### Activity
Leave the pictures out, and repeat exactly each line from the one that holds "Кастрюля 1,75 л" through the final line of the entries below.
======== Recorded information
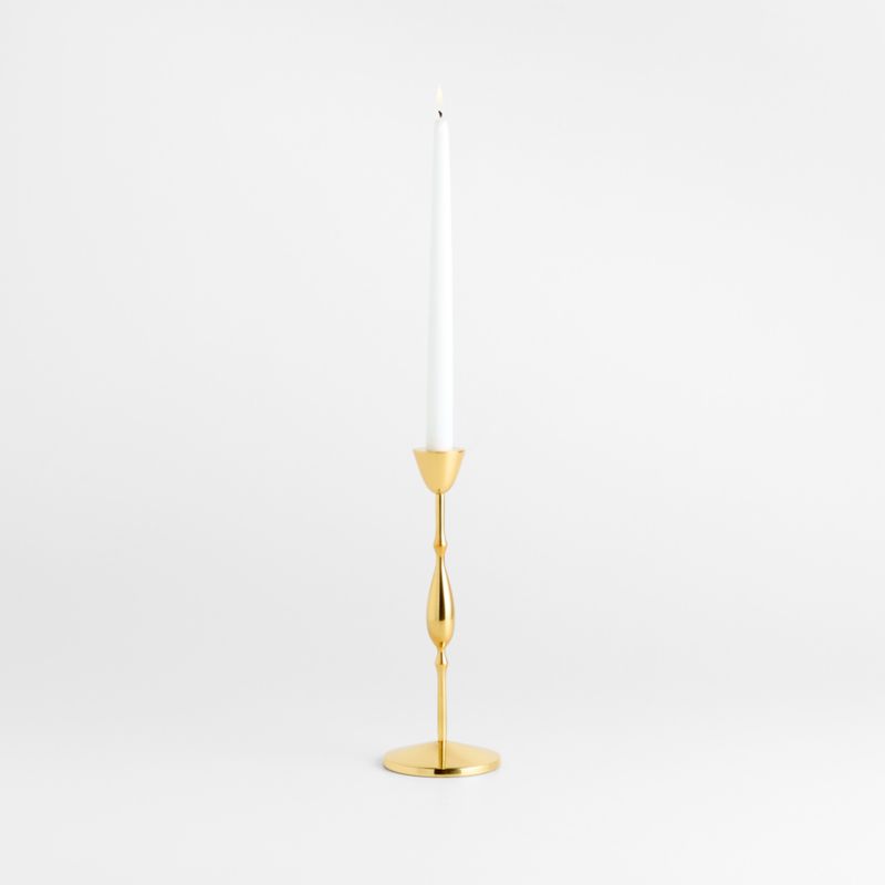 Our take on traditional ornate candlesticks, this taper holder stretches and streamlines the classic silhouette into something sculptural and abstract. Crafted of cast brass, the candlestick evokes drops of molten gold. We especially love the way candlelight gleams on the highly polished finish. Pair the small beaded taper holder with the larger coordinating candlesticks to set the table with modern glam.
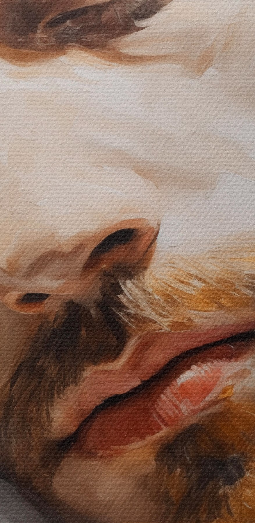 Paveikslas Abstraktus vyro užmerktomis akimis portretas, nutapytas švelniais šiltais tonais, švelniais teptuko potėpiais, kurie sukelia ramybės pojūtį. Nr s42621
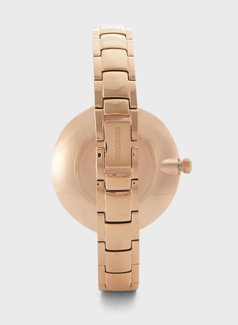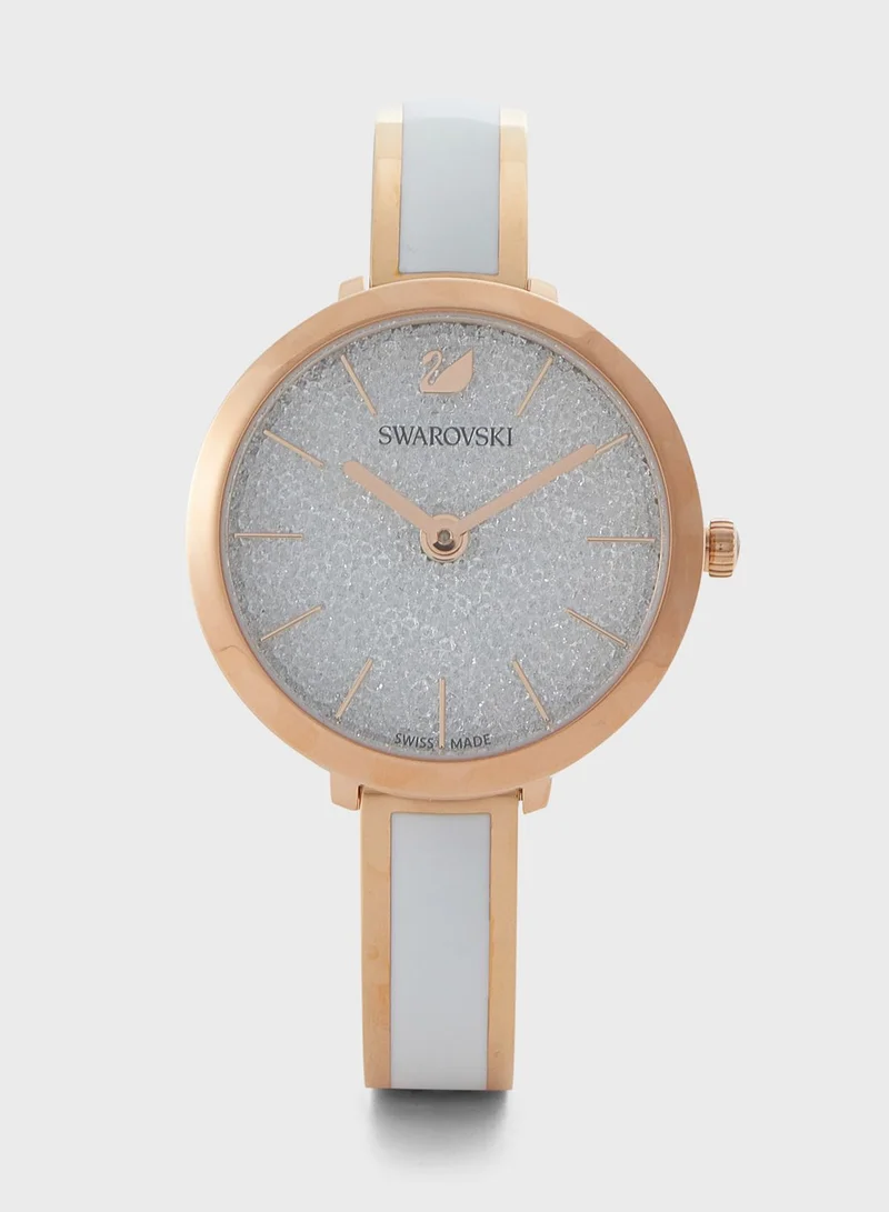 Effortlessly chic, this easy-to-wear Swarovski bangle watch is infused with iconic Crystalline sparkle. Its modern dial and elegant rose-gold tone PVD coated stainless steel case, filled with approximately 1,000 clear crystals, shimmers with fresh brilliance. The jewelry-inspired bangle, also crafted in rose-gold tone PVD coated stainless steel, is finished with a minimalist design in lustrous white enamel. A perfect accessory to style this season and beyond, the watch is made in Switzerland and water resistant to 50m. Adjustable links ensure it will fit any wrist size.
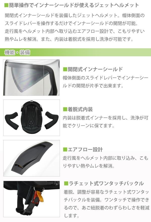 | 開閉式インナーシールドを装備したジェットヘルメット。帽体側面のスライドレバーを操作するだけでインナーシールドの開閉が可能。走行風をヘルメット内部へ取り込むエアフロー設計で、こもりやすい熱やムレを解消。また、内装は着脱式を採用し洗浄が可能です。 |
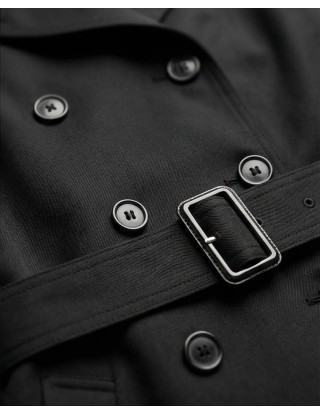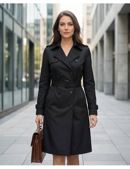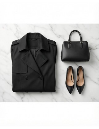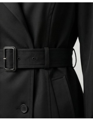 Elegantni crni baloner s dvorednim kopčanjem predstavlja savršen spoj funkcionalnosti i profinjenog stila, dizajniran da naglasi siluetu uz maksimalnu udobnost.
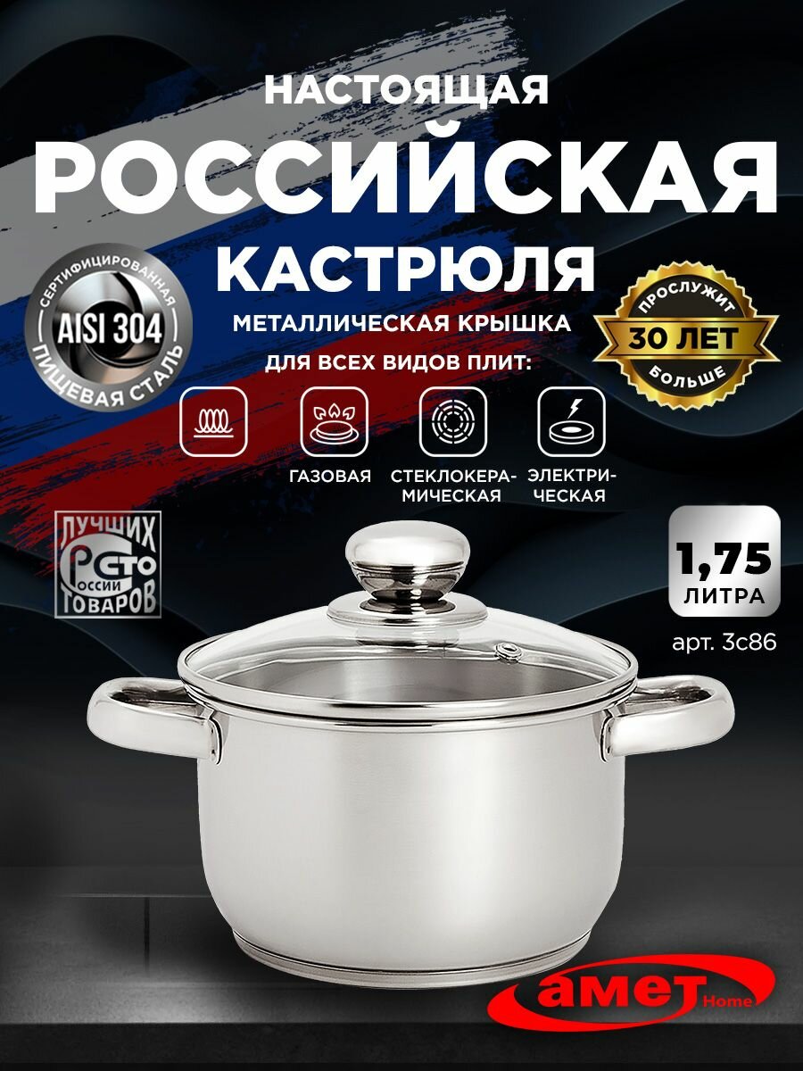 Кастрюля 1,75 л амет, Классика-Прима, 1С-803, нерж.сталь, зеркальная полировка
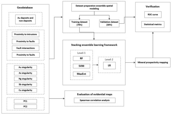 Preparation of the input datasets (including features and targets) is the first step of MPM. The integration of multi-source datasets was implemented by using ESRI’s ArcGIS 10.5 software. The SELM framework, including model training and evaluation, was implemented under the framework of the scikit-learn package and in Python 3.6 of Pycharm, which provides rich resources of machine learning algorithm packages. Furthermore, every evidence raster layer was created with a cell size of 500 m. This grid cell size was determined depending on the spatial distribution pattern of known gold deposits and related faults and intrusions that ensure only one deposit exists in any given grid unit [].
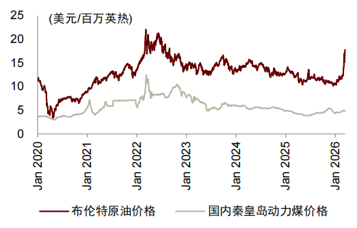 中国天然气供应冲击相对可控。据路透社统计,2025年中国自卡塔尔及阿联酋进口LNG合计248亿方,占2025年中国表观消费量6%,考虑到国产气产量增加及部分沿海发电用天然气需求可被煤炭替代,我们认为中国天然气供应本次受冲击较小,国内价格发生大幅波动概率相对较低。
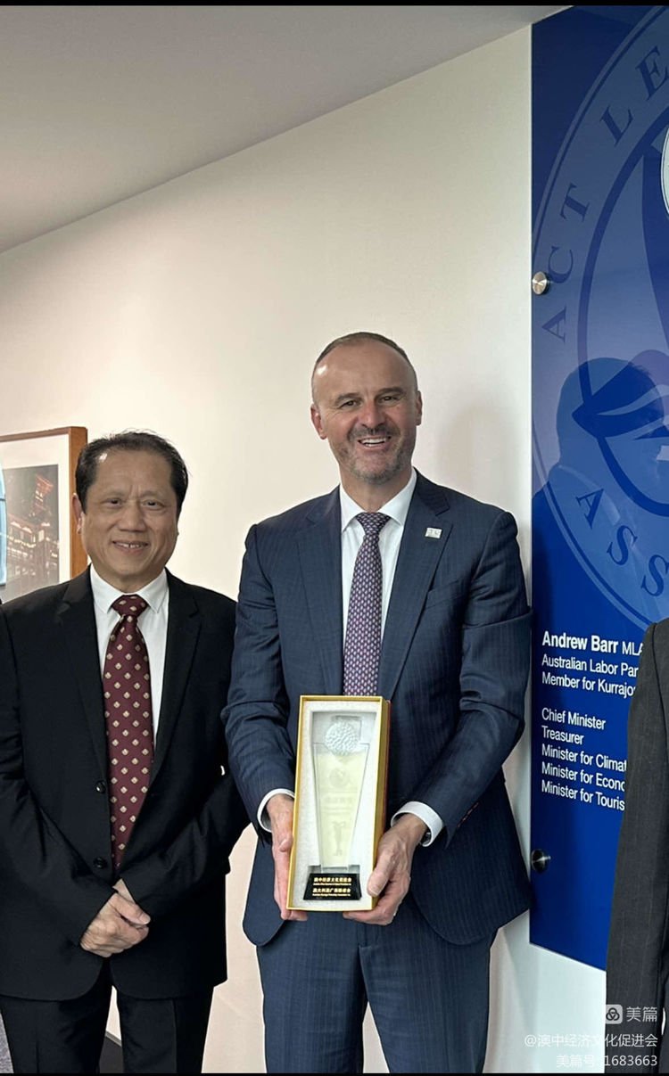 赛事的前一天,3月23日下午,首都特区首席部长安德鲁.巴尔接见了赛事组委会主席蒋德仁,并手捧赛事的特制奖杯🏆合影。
================
### Result
 Кастрюля 1,75 л амет, Классика-Прима, 1С-803, нерж.сталь, зеркальная полировка
 Preparation of the input datasets (including features and targets) is the first step of MPM. The integration of multi-source datasets was implemented by using ESRI’s ArcGIS 10.5 software. The SELM framework, including model training and evaluation, was implemented under the framework of the scikit-learn package and in Python 3.6 of Pycharm, which provides rich resources of machine learning algorithm packages. Furthermore, every evidence raster layer was created with a cell size of 500 m. This grid cell size was determined depending on the spatial distribution pattern of known gold deposits and related faults and intrusions that ensure only one deposit exists in any given grid unit [].
 中国天然气供应冲击相对可控。据路透社统计,2025年中国自卡塔尔及阿联酋进口LNG合计248亿方,占2025年中国表观消费量6%,考虑到国产气产量增加及部分沿海发电用天然气需求可被煤炭替代,我们认为中国天然气供应本次受冲击较小,国内价格发生大幅波动概率相对较低。
 赛事的前一天,3月23日下午,首都特区首席部长安德鲁.巴尔接见了赛事组委会主席蒋德仁,并手捧赛事的特制奖杯🏆合影。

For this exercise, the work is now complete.